**What to do:**
Only the lines from the one containing "This Pacific Scientific" to the end of the material are to be copied, exactly and in full; images stay out.

**Dataset extract:**

┄┄┄┄┄┄┄┄┄┄

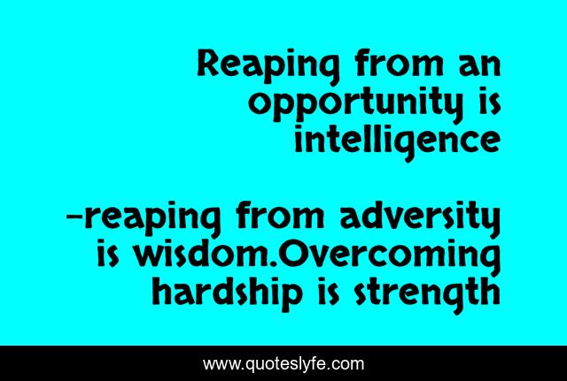 This page presents the quote "Reaping from an opportunity is intelligence". Author of this quote is reaping from adversity is wisdom.Overcoming hardship is strength. .
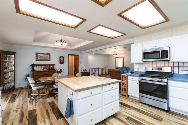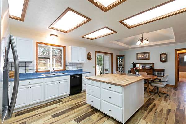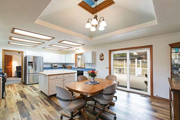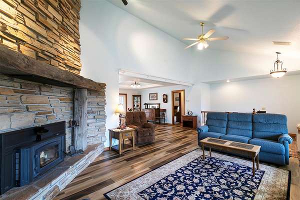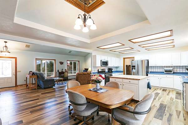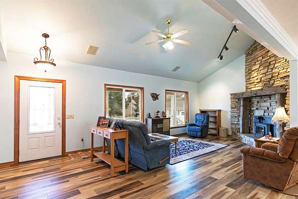 Welcome home to 677 Bitterroot Drive in Florence. Set against a scenic backdrop, this inviting property offers space, comfort, and versatility - inside and out. The main living room features a vaulted ceiling and a striking wood burning fireplace, creating a warm and expansive atmosphere ideal for both relaxing evenings and entertaining. The kitchen is thoughtfully designed with a spacious island perfect for meal prep and casual dining. Just off the kitchen is a comfortable den area with half bathroom, and access to the mud room and laundry area. The primary suite offers generous space along with a beautifully renovated ensuite bathroom and walk-in closet. On the opposite side of the main level, you'll find two additional bedrooms and a full bathroom, providing a functional and private layout. The daylight walkout basement expands the living space with a large family room, renovated 3/4 bath, bonus room with direct access to the lower garden area, abundant storage, and a mechanical room complete with a small built-in safe. Outdoor living is just as impressive. Enjoy Montana's beauty from the covered front porch - the perfect place to take in the views - or host gatherings on the expansive back deck overlooking the property. Additional features include covered RV parking, an open shed, covered firewood storage, an attached double garage, and a detached four-stall garage with additional shop space. The perimeter is fully fenced, and access is convenient year-round with paved roads and a paved driveway. This well-maintained property offers the ideal blend of rural tranquility and practical amenities.
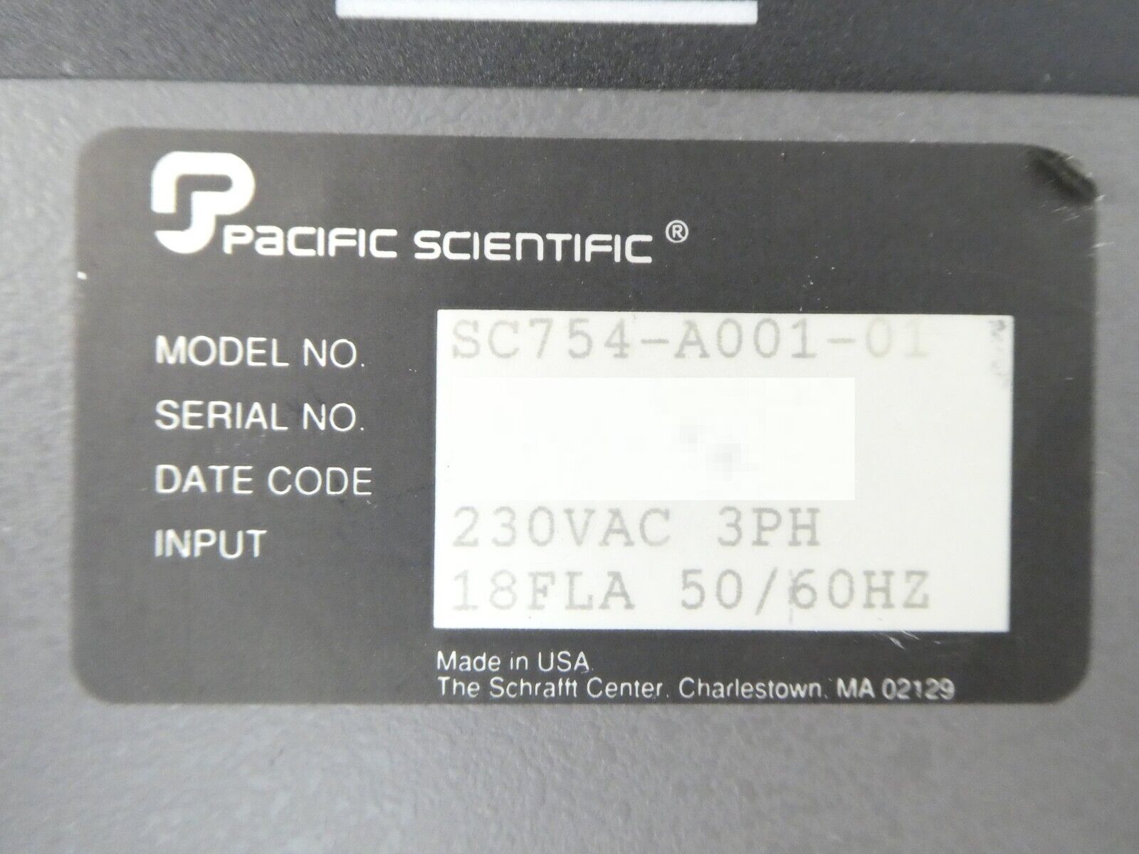 This Pacific Scientific SC754-A001-01 is working surplus. This unit Has bent mounting brackets (see photos). The physical condition is good, but there are signs of previous use and handling.
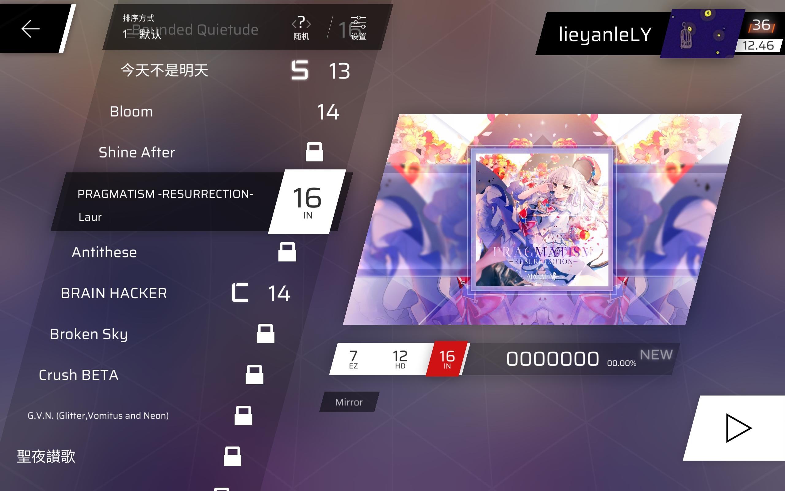 得分 0 994 987 评级 FC 最大连击 377/377 Acc 99.44% 提升前rks 11.93 提升后哦rks 11.97 提升rks +0.04 371P 6G 0B 0M Good:6E 0L 获得品 Phi币 1006KB #phigros得分

┄┄┄┄┄┄┄┄┄┄

**Task solution:**
 This Pacific Scientific SC754-A001-01 is working surplus. This unit Has bent mounting brackets (see photos). The physical condition is good, but there are signs of previous use and handling.
 得分 0 994 987 评级 FC 最大连击 377/377 Acc 99.44% 提升前rks 11.93 提升后哦rks 11.97 提升rks +0.04 371P 6G 0B 0M Good:6E 0L 获得品 Phi币 1006KB #phigros得分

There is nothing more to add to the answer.